Beckett looked at his tea. In its delicate white cup it was transparent, so that he could almost see the sugar through it. He said: ‘You are an intelligent man, Father. I once stood on the steps of a church and watched the congregation come out. They were also intelligent men and women, possessed of reason. If the lights went out they knew it was a fuse, not black magic. If they fell ill it was of a classified disease, not witchcraft. Only in religion did they suspend their reason; for every one of those people firmly believed that a couple of characters named Adam and Eve were persuaded, by a talking snake, to eat an apple, which incident condemned the whole of subsequent humanity to damnation. If I had claimed to converse with a cobra they would have given me psychiatric treatment. So why were they so uncritical of the Bible? It seemed absurd.'

‘Belief in Adam and Eve may be absurd. But do you consider Adam and Eve themselves to be absurd?'

‘Taking them as fictional characters, no. They acted correctly. They were offered two things: the knowledge of good and evil and the power to become gods. I admire them for accepting that offer. They would have been despicable dullards if they had been contented to remain like cabbages in Eden. The Church's condemnation of them always irritates me.'

‘You are a seeker after truth, Mr Beckett. It's a pity you despise psychological truth: the externalization, into myth or symbol, of the paradoxes, experiences and aspirations of human nature.'

‘I don't despise psychological truth. But what I mean is, I can say with impunity that a thing is relatively true. A scientist or mathematician can also say that a thing is relatively true. But the whole groundwork of the Church is her claim to absolute truth. Destroy that groundwork, and you destroy the whole Church.'

‘That would be a pity, for the Church also has practical truth, truth which works for a large number of people. She accommodates the mystic, the intellectual, the respectable householder, the artist, the superstitious peasant. Her doctrines satisfy all these diverse people. Isn't it good, therefore, that her doctrines should persist?'

Beckett said: ‘To ensure that they persist the Church has organized inquisitions, slaughtered honest heretics, and terrorized people into submission by threatening them with hell-fire. Is that good?'

‘No. It is necessary. The Church cannot exist on a soil of anarchy. Order is necessary to her. Throughout the ages men of willpower have sought to impose order on chaos. And those who believe that order is preferable to chaos will agree that the Church was justified, even at the cost of human lives.' Father Dominic stood up, like the figure of death, with his austere features profiled against the window. ‘But I'm afraid I've taken up too much of your time. You wanted to see Father Hogan, and I've interrupted. However, it's been an interesting discussion, and I hope we shall have the opportunity to continue it. If you can persuade Gash to visit us perhaps you will come with him?'

Beckett also rose, clumsily, to say goodbye.

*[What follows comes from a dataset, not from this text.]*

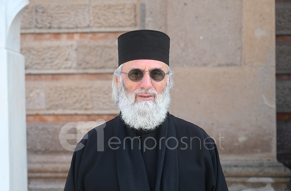 «Από το 1989 είχαμε διαπιστώσει μαζί με τον σεβασμιότατο Μητροπολίτη Μυτιλήνης τα προβλήματα που είχε ο Ναός και ξεκινήσαμε τότε ένα σημαντικό έργο. Ωστόσο τότε οι ειδικοί μας είχαν πει ότι μετά από 10 -20 χρόνια θα είχαμε πάλι τα ίδια προβλήματα. Ο Άγιος Θεράποντας είναι ένα σήμα κατατεθέν της Μυτιλήνης και είναι πολύ φυσικό του κατά διαστήματα να αντιμετωπίζει προβλήματα. Αυτό που μας απασχολεί είναι ότι από τον κεντρικό τρούλο έμπαιναν νερά στο εσωτερικό χώρο του ναού. Απευθυνθήκαμε πριν το 2013 -αν δεν με απατά η μνήμη- στον ηγούμενο της Μονής Βατοπεδίου στο Άγιο Όρος. Του έγραψα ένα γράμμα ότι ο ναός είναι αφιερωμένος στον Άγιο Θεράποντα. «Κύπριος ο Άγιος Θεράποντας, Κύπριος και εσείς βοηθήστε ούτως ώστε να μπορέσουμε να φτιάξουμε το ναό, να συνταχθεί μία μελέτη που να πληροί όλες τις προϋποθέσεις για να μπορέσει να ξεκινήσει αυτό το έργο». Πράγματι ο πατήρ Εφραίμ ανταποκρίθηκε τότε και όπως θα θυμούνται πολλοί συμπολίτες μας το 2015 όταν εκπονήθηκε η μελέτη μας έφερε την εικόνα της Παναγίας της Βηματάρισσας. Έγιναν διάφορες εκδηλώσεις για τη συμπλήρωση 100 χρόνων από την επέτειο των εγκαινίων του ναού και παραδόθηκε αυτή η μελέτη. Στην συνέχεια η μελέτη κατατέθηκε στο υπουργείο Πολιτισμού, εγκρίθηκε και είμαστε στην ευχάριστη θέση τώρα να δρομολογείται πλέον η υπόθεση του έργου της σκεπής, των τρούλων και όχι μόνο. Χαιρόμαστε γιατί έχουμε συμπατριώτες να έχουν αναλάβει το έργο καθώς πρόεδρος του ΔΣ της εταιρείας «ΑΚΛΙΜΩΝ ΤΕΧΝΙΚΗ Α.Ε.» είναι ο Αχιλλέας Καρπούζης και ο κ. Μιχάλης Κινικλής ο πολιτικός μηχανικός που το επιμελείται» είπε σε συνέντευξή του στο «Ε» ο π. Γιουσμάς.

When Father Dominic had gone the other two relaxed, sat back and passed cigarettes. Father Hogan, who had a boisterous manner, told jokes and stories about their mutual acquaintances. Finally he sobered up, wiped his forehead with his large fist, and advised Beckett to mend his ways. He insisted that Mrs Beckett was rightly worried, and that Beckett should try to lead a good Catholic life. ‘You have too much conceit in your reason; you lack humility. It is the sin of Satan,
non serviam
, the sin of pride. Renounce your reason and pray instead for faith. Naturally you lose your faith if you stay away from Mass and the sacraments. The sacraments give grace which is the food of the soul. So I want you to make a firm resolution to go regularly to Mass and the sacraments. Will you do that now? Of course you will. Otherwise you see now, Joe, the city is full of dangers, bad companions, who may at first seem adventurous and exciting. Young women, some of them with no moral upbringing, of easy virtue, temptations...' The priest's voice had become low, impersonal, like the monotone from behind the confessional grid.

Beckett left the Presbytery and walked back past the dolls' houses. Clipped trees were spaced at regular intervals along the pavement.

He had made the visit because of guilt feelings towards his mother. By fulfilling one of her requests he could hold off his conscience for a bit. But if she hoped for his reconversion she would be disappointed. He had once been an ardent Catholic. When his belief and his vocation had been destroyed he had hated the religion as much as he had previously loved it. He had read books; and every disproof of the Church's doctrines, every condemnation of her past villainies, had pleased him. They were like personal knife-thrusts against the Church.

Although in practice he was an individualist, he could share Father Dominic's sympathy for the tyrant with vision, the totalitarian who enforced a social blueprint at the cost of morality and lives. Therefore he could admire the Church which had played power politics as the priest had played chess. His admiration was, however, of a cynical nature. He saw too far behind the scenes to have faith.

He had ceased to believe. He might no longer hate the Church, but he had irretrievably lost belief in the Church or in anything.

His way back to the Tube passed the local common. A fair was in progress, and he walked over to have a look round.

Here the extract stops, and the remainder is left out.